3 maximum average closing prices:
(275.13407757104255, 'amzn')
(257.1765404023166, 'aapl')
(230.2946601100386, 'cme') 

3 minimum average closing prices:
(0.8122763011583011, 'blfs')
(0.8241009938223938, 'apdn')
(0.901011583011583, 'bmra')


We can see that the three stocks with the highest average closing price in that period are Amazon (`AMZN`), Apple (`AAPL`), and CME Group (`CME`). Contrary to that, the three lowest are Biolife Solutions (`BLFS`), Applied DNA Sciences (`APDN`), and Biomerica (`BMRA`).

### 3. Grouping Trades per Day
We will now group trades per day, more precisely, for each day, we'll want a list of pairs `(volume, stock_symbol)` of all trades that occurred on that day.

In [5]:
# Creating an empty dictionary
trades_by_day = {}

# Looping through every symbols and rows
for stock_sym in stock_prices:
    for index, row in stock_prices[stock_sym].iterrows():
        day = row["date"]
        volume = row["volume"]
        pair = (volume, stock_sym)
        if day not in trades_by_day:
            trades_by_day[day] = []
        trades_by_day[day].append(pair)

### 4. Finding The Most Traded Stock Each Day
We will try and find what stock is the most traded at that particular day. As mentioned before we have stored trades for every symbol for every day in `(volume, stock_symbol)` format, thus we can actually sort it and pull the first entry.

In [6]:
# Creating an empty dictionary
most_traded_by_day = {}

# Looping through the day by day trades
for day in trades_by_day:
    trades_by_day[day].sort(reverse = True)
    most_traded_by_day[day] = trades_by_day[day][0]

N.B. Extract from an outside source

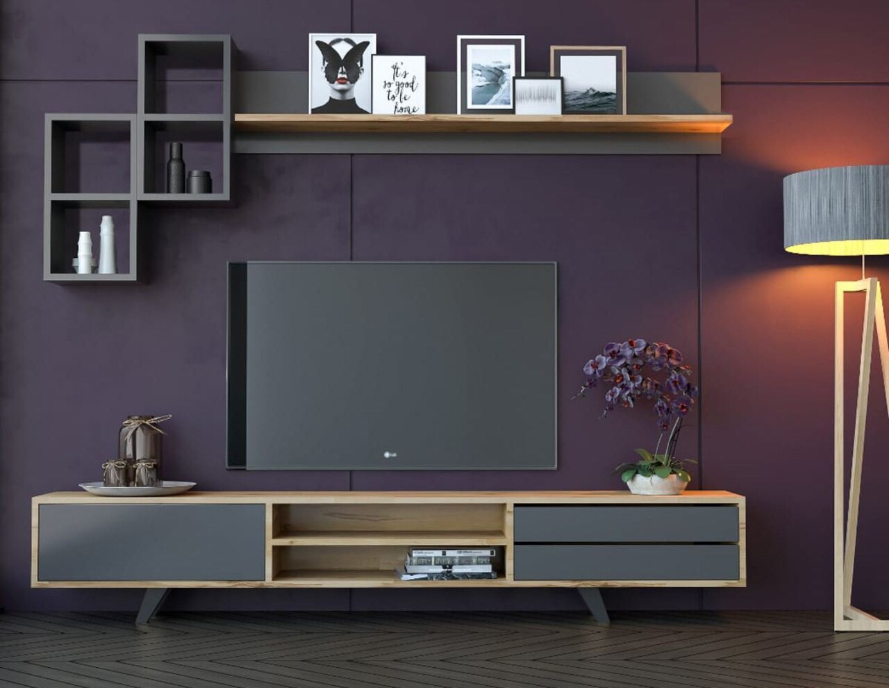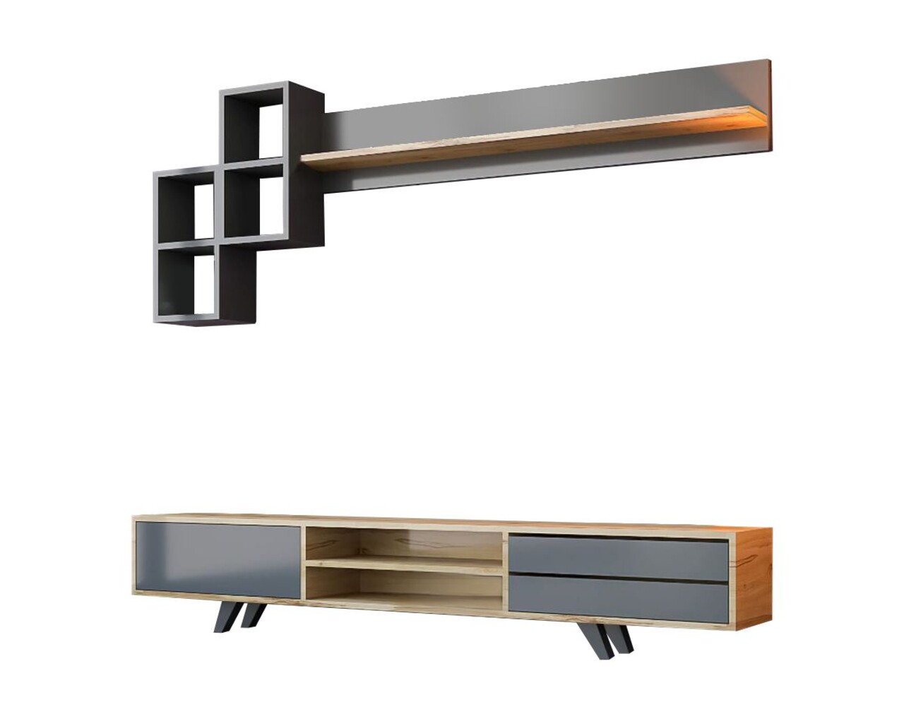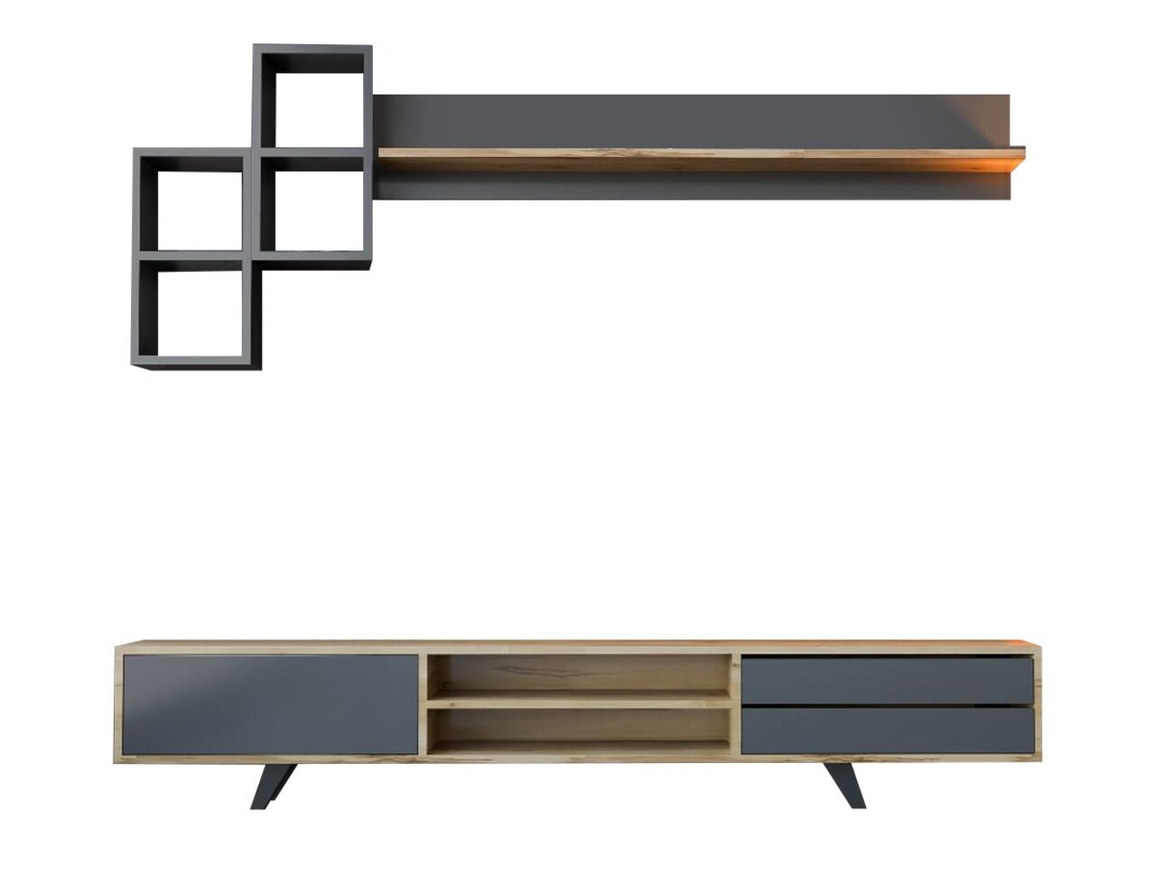 Comoda TV, Rabi, Rb-046, 180x45x40 cm, PAL, Antracit / Stejar

To see whether it works or not, we will pull a couple of entries out of the dictionary.

In [7]:
# Checking if the result is in the correct format
print(most_traded_by_day['2013-07-19'])
print(most_traded_by_day['2015-12-22'])
print(most_traded_by_day['2016-07-19'])

(151516000, 'amd')
(32789400, 'aapl')
(23779900, 'aapl')


### 5. Searching For High Volume Days
We will now find which days yield the most volume of trades. We will be limiting our findings to the 10 days with most trades by volume.

In [8]:
# Creating an empty list
daily_volumes = []

# Looping through the trades day by day
for day in trades_by_day:
    day_volume = sum([volume for volume, _ in trades_by_day[day]])
    daily_volumes.append((day_volume, day))

# Sorting the list
daily_volumes.sort(reverse = True)

# Slicing the 10 highest by volume
daily_volumes[:10]

[(1964583900, '2008-01-23'),
 (1770266900, '2008-10-10'),
 (1611272800, '2007-07-26'),
 (1599183500, '2008-10-08'),
 (1578877700, '2008-01-22'),
 (1559032100, '2008-02-07'),
 (1555072400, '2008-09-29'),
 (1553880500, '2007-11-08'),
 (1536176400, '2008-01-16'),
 (1533363200, '2008-01-24')]

### 6. Finding Profitable Stocks
We will now try and find the most profitable stocks. To do this we will:
1. Subtract the initial close price (first row) from the final close price (last row), then computing a percentage relative to the initial price. This will tell us how much our initial investment would have grown or shrunk.
2. Sort all of the percentages.
3. Find the ten stocks that grew the most in the time period.

In [9]:
# Creating an empty list
percentages = []

# Looping through every symbol
for sym in stock_prices:
    data = stock_prices[sym]
    initial = data.loc[0, 'close']
    final = data.loc[len(data) - 1, 'close']
    per = (final-initial)*100/initial
    percentages.append((per, sym))
    
# Sorting the list
percentages.sort(reverse = True)

# Getting the top 10
percentages[:10]

[(7483.8389225948395, 'admp'),
 (4005.0000000000005, 'adxs'),
 (3898.6004898285596, 'arcw'),
 (2437.4365640858978, 'blfs'),
 (2230.7234281466817, 'amzn'),
 (1707.3554472785036, 'anip'),
 (1549.6700659868027, 'apdn'),
 (1525.162516251625, 'cui'),
 (1339.2137535980346, 'bcli'),
 (1330.0000666666667, 'achc')]

From the result above, we can deduce that `ADMP` or Adamis Pharmaceuticals Corporation has the highest growth over that period of time.